_Information shown_.
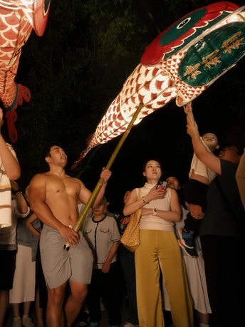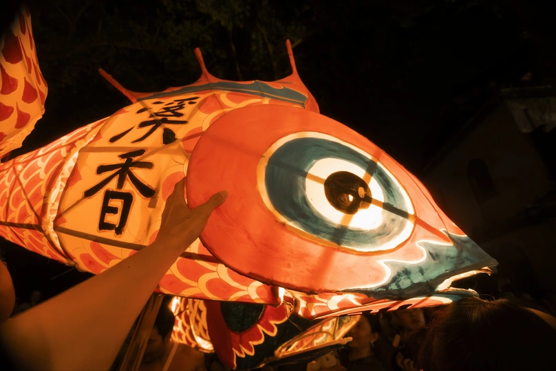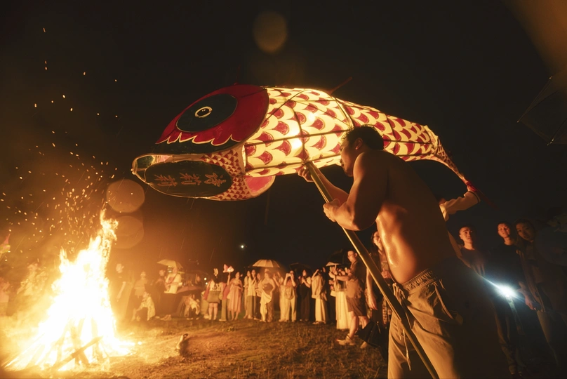 这组图拍摄于2025年5月4日的安徽西溪南古村落,图中是安徽地区劳动人民的非遗传统“鱼灯”“大鱼王”带领着游客感受鱼灯,篝火,为大家祈福
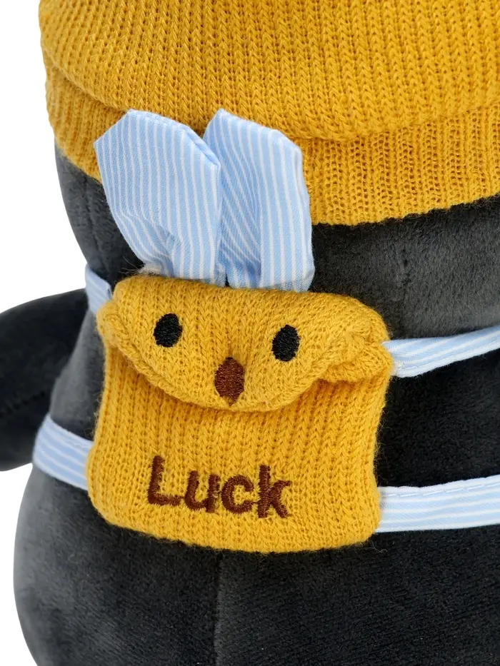 - Жёлтая шапка придаёт игрушке игривый и запоминающийся внешний вид.
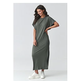 Elegantní maxi oversize šaty jsou ideální kombinací pohodlí a moderního minimalismu. Volný střih poskytuje volnost pohybu a jednoduchý střih skvěle padne na různé typy postav. Je to ideální volba pro ženy, které ocení pohodlí a nadčasový styl. Model má klasický, zakrytý výstřih a krátké, široké rukávy, které zdůrazňují ležérní charakter stylizace. Maxi délka ve spojení s efektním rozparkem po straně dodává lehkost a decentně vystavuje nohu, celkově dodává ženskost. Měkký, příjemný na dotek materiál dělá tyto dámské šaty ideální volbou pro každodenní nošení v práci, na procházky nebo setkání s přáteli. Jedná se o univerzální dlouhé šaty s rozkrokem, které můžete stylovat různými způsoby, buď s teniskami ve sportovním stylu nebo s elegantními doplňky pro sofistikovanější efekt. Díky jednoduchému střihu jsou skvělou základnou pro vytváření módních outfitů po celou sezónu.

_What the task asks_. When you restate the listing above, give each line word for word but leave out every image.

_Exercise result_.
 这组图拍摄于2025年5月4日的安徽西溪南古村落,图中是安徽地区劳动人民的非遗传统“鱼灯”“大鱼王”带领着游客感受鱼灯,篝火,为大家祈福
 - Жёлтая шапка придаёт игрушке игривый и запоминающийся внешний вид.
 Elegantní maxi oversize šaty jsou ideální kombinací pohodlí a moderního minimalismu. Volný střih poskytuje volnost pohybu a jednoduchý střih skvěle padne na různé typy postav. Je to ideální volba pro ženy, které ocení pohodlí a nadčasový styl. Model má klasický, zakrytý výstřih a krátké, široké rukávy, které zdůrazňují ležérní charakter stylizace. Maxi délka ve spojení s efektním rozparkem po straně dodává lehkost a decentně vystavuje nohu, celkově dodává ženskost. Měkký, příjemný na dotek materiál dělá tyto dámské šaty ideální volbou pro každodenní nošení v práci, na procházky nebo setkání s přáteli. Jedná se o univerzální dlouhé šaty s rozkrokem, které můžete stylovat různými způsoby, buď s teniskami ve sportovním stylu nebo s elegantními doplňky pro sofistikovanější efekt. Díky jednoduchému střihu jsou skvělou základnou pro vytváření módních outfitů po celou sezónu.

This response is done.